*INSTRUCTIONS TO FOLLOW:*
After locating the line with "Owned Solar. Sauna." in the entries below, output it and each following line up to and including the line with "- 【Drainage Hole】A", exactly and without pictures.

*AVAILABLE RECORDS:*
========

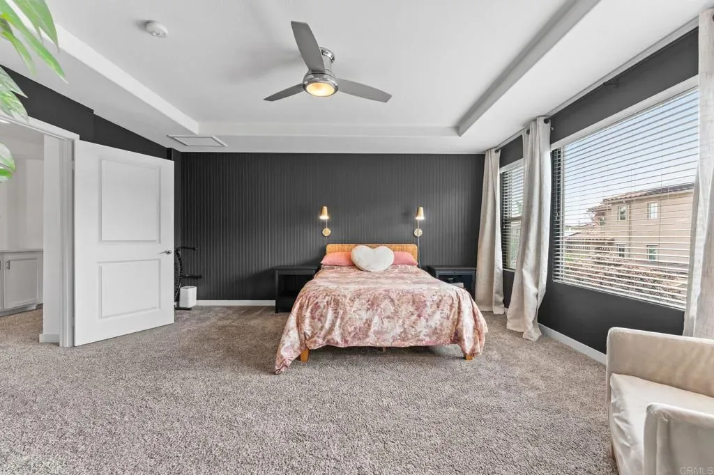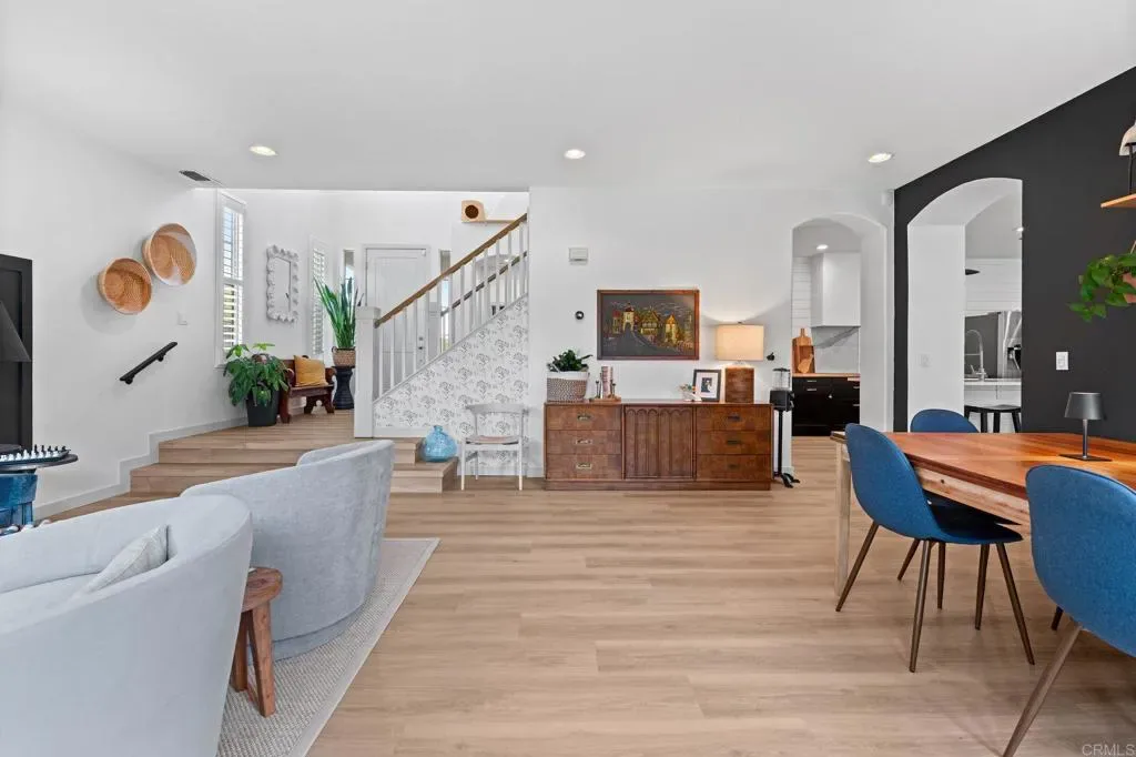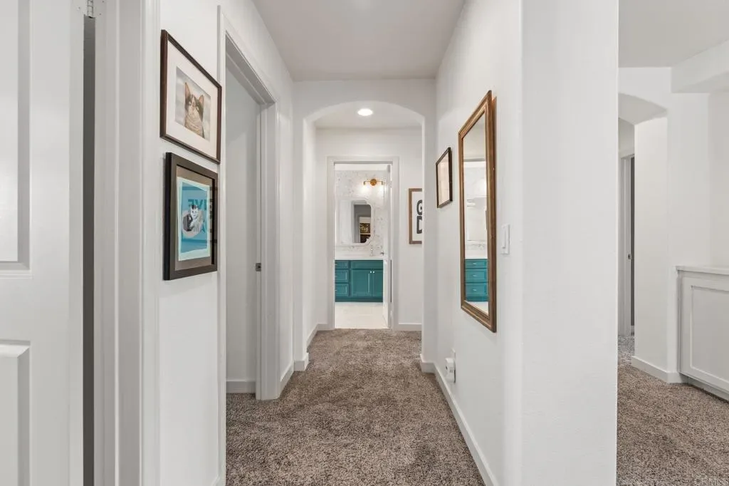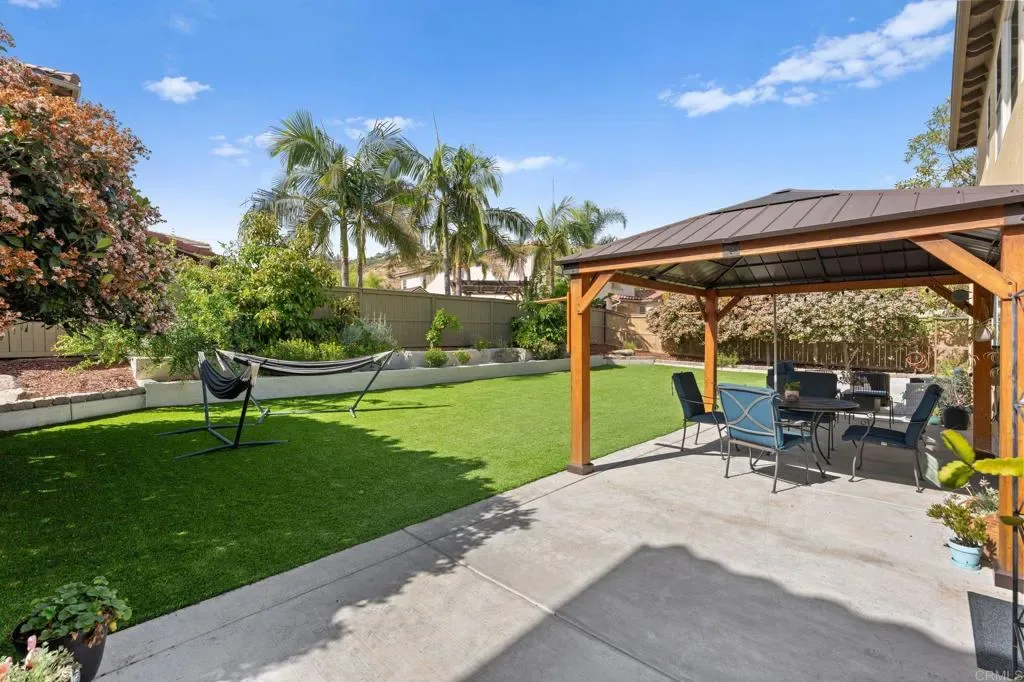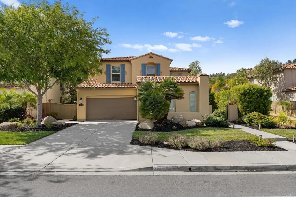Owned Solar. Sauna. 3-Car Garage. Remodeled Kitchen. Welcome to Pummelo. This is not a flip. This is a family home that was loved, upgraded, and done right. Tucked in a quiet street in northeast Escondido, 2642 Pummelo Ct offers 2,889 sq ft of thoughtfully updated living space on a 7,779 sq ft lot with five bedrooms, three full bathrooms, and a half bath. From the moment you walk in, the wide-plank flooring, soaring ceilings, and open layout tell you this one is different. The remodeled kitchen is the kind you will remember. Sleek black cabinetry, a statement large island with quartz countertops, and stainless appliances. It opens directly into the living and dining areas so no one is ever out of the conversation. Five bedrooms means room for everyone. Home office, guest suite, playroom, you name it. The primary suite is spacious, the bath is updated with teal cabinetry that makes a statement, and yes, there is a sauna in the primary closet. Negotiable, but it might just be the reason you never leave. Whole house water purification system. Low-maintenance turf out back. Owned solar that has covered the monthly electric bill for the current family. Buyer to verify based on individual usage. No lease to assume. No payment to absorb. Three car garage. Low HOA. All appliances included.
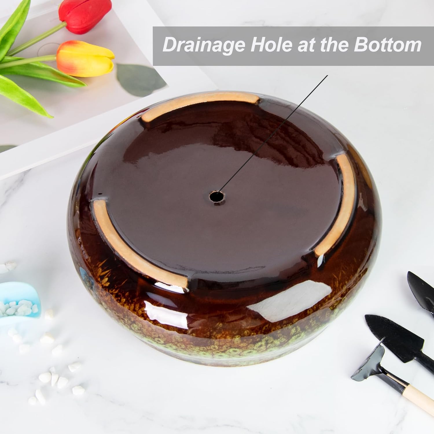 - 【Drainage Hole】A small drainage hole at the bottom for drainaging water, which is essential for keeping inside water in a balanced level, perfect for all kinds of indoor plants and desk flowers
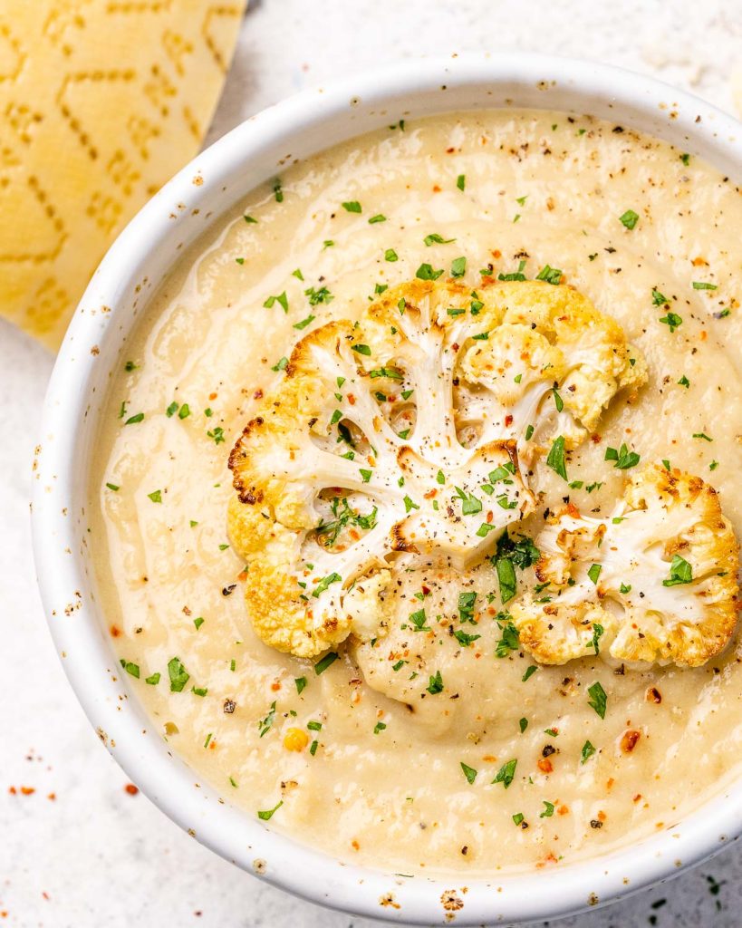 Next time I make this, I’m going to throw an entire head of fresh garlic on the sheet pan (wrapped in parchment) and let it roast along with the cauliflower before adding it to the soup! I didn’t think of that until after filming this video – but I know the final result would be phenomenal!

========

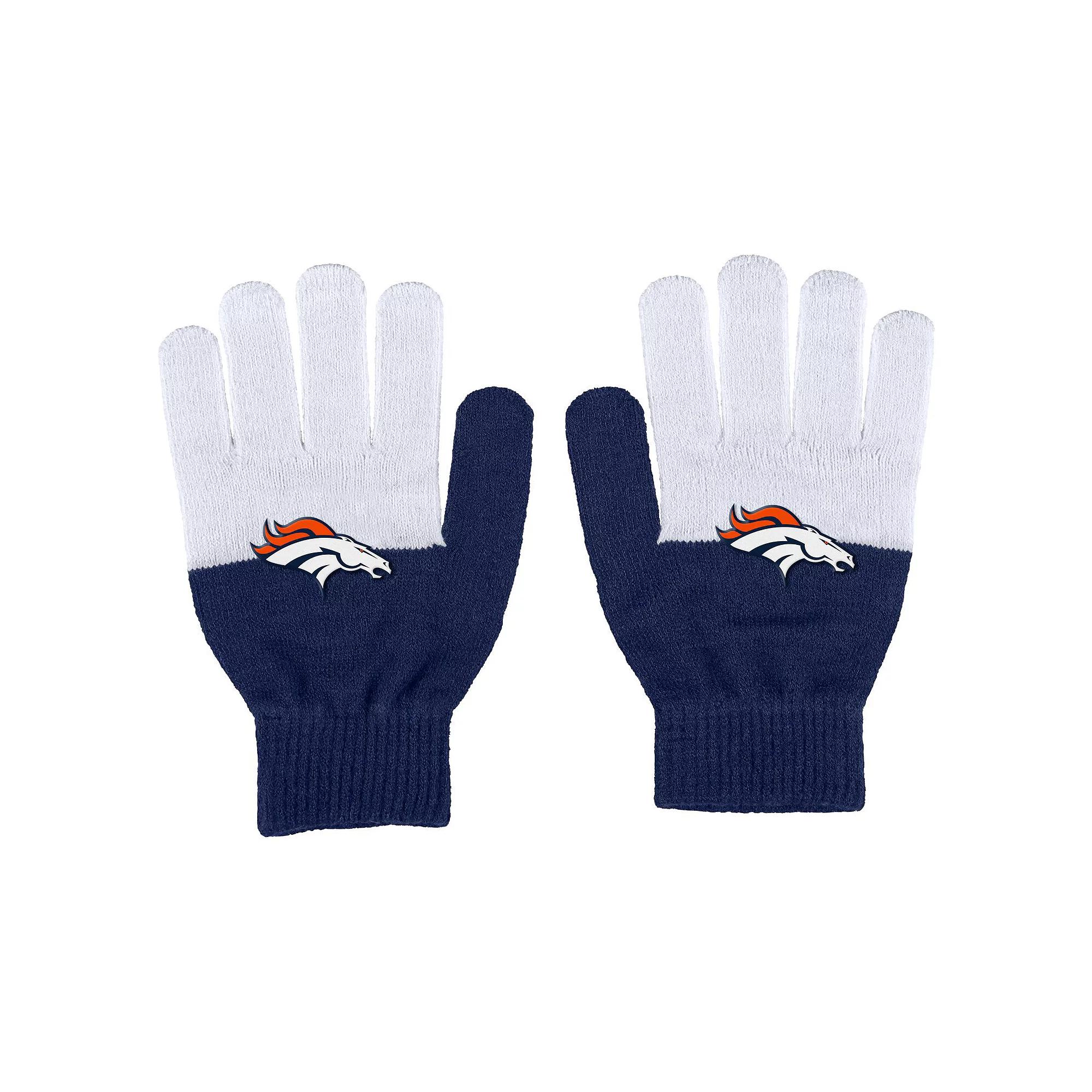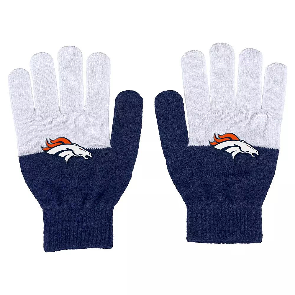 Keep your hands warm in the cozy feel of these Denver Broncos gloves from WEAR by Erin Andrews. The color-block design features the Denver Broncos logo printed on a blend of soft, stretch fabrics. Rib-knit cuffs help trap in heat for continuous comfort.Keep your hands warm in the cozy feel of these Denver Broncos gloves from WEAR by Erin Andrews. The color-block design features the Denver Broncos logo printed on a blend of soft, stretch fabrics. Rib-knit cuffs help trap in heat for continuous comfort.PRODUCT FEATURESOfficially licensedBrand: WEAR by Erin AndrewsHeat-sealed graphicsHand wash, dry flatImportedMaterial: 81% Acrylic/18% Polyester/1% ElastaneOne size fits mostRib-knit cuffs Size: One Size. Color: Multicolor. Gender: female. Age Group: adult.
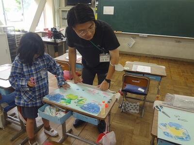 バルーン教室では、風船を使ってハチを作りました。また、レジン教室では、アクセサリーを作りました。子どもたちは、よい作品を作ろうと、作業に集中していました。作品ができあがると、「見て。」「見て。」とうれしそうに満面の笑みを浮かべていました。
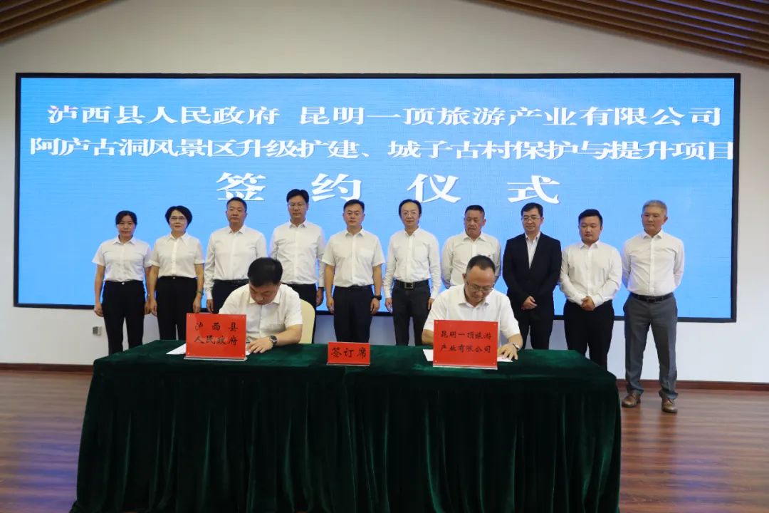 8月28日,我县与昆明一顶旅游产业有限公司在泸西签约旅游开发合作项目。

========

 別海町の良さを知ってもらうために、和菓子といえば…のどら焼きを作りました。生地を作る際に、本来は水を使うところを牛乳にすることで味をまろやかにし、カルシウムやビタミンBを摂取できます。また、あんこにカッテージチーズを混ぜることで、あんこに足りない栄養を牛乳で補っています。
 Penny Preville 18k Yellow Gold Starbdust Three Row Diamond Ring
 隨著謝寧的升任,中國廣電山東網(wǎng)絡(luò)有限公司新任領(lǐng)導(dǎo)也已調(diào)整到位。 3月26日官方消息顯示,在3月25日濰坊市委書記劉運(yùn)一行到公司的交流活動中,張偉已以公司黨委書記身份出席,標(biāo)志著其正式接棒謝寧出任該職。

========

*SOLUTION FOR THIS EXERCISE:*
Owned Solar. Sauna. 3-Car Garage. Remodeled Kitchen. Welcome to Pummelo. This is not a flip. This is a family home that was loved, upgraded, and done right. Tucked in a quiet street in northeast Escondido, 2642 Pummelo Ct offers 2,889 sq ft of thoughtfully updated living space on a 7,779 sq ft lot with five bedrooms, three full bathrooms, and a half bath. From the moment you walk in, the wide-plank flooring, soaring ceilings, and open layout tell you this one is different. The remodeled kitchen is the kind you will remember. Sleek black cabinetry, a statement large island with quartz countertops, and stainless appliances. It opens directly into the living and dining areas so no one is ever out of the conversation. Five bedrooms means room for everyone. Home office, guest suite, playroom, you name it. The primary suite is spacious, the bath is updated with teal cabinetry that makes a statement, and yes, there is a sauna in the primary closet. Negotiable, but it might just be the reason you never leave. Whole house water purification system. Low-maintenance turf out back. Owned solar that has covered the monthly electric bill for the current family. Buyer to verify based on individual usage. No lease to assume. No payment to absorb. Three car garage. Low HOA. All appliances included.
 - 【Drainage Hole】A small drainage hole at the bottom for drainaging water, which is essential for keeping inside water in a balanced level, perfect for all kinds of indoor plants and desk flowers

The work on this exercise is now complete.